Legitimasi Politik dan Regional
- Dukungan Saudi memberi legitimasi regional bagi operasi AS, karena Saudi adalah negara berpengaruh di dunia Arab dan Islam.
- Tanpa dukungan Saudi, serangan AS bisa dianggap sebagai intervensi sepihak yang memicu resistensi lebih luas.
Koordinasi Keamanan Energi
- Saudi adalah produsen minyak terbesar dunia. Stabilitas politik dan keamanan Saudi penting untuk mencegah gejolak harga energi global jika terjadi konflik.
- Dukungan mereka membantu menjaga pasokan minyak tetap aman meski ada eskalasi militer.
Namun, jika pun mendapat dukungan Arab Saudi, rencana ini tetap saja bukan tanpa hambatan:
- Risiko Perang Total: Presiden Iran Masoud Pezeshkian memperingatkan bahwa setiap agresi terhadap Pemimpin Tertinggi Iran berarti perang total.

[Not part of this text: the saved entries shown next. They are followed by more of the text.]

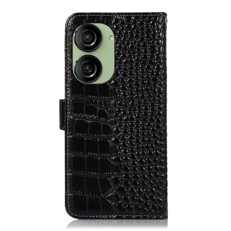 For Asus ZenFone 10 / ZenFone 9 Crocodile Top Layer Cowhide Leather Phone Case(Black)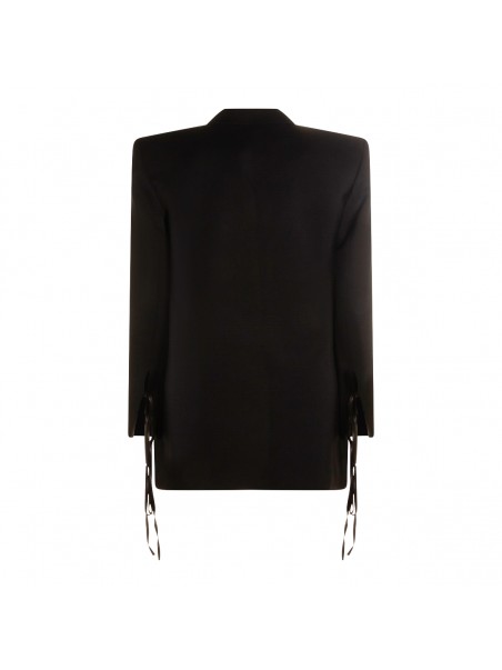 Black blazer from Nissa featuing long sleeves, double breasted fastening, pockets and sleeves laces.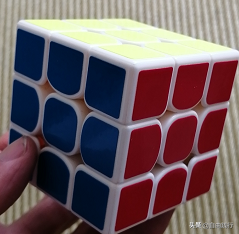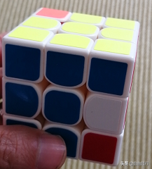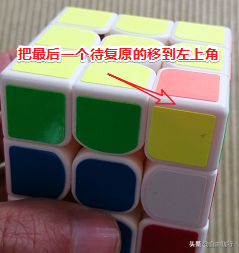 注意此处可能会引起其他层已复原的发生变化,比如上图,虽然顶部复原了,但下面颜色已经对不上了。不要担心,只要不操作失误就没问题,等最后一个色块还原,就都恢复了。一个还原后就把顺时针顶层,把待复原的角块移到左上角位置,重复上面的操作,直到全部复原。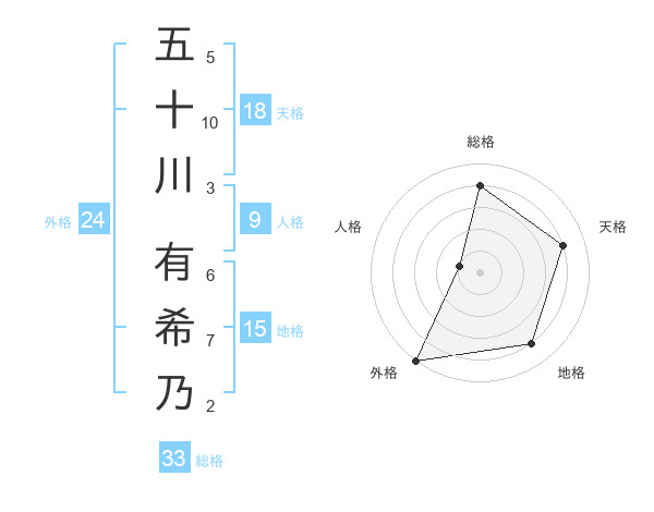 五十川 有希乃さんを姓名の画数から五運を鑑定

- Kesiapan Pertahanan Israel: Israel dilaporkan merasa khawatir karena stok pencegat rudal (interceptor) mereka terkuras habis setelah perang 12 hari dengan Iran tahun lalu.
- Ketidakpastian Pasca-Rezim: Analis dari Stanford University, Ramzy Mardini, memperingatkan bahwa strategi "pemenggalan" kepemimpinan tanpa adanya kekuatan oposisi yang kuat di darat justru akan menciptakan kekacauan hebat yang sulit distabilkan.
Sanksi Ekonomi sebagai Alternatif
Menteri Keuangan Scott Bessent menyatakan bahwa tekanan finansial AS telah berkontribusi pada runtuhnya ekonomi Iran pada Desember lalu.
Sebagian pembantu Trump menyarankan opsi non-militer, seperti membantu koordinasi online para demonstran atau memberlakukan sanksi baru yang lebih mencekik.
Hingga saat ini, Gedung Putih masih mengirimkan sinyal beragam antara mendukung perubahan kepemimpinan di Iran atau sekadar melakukan serangan peringatan untuk meredam kekerasan di negara tersebut.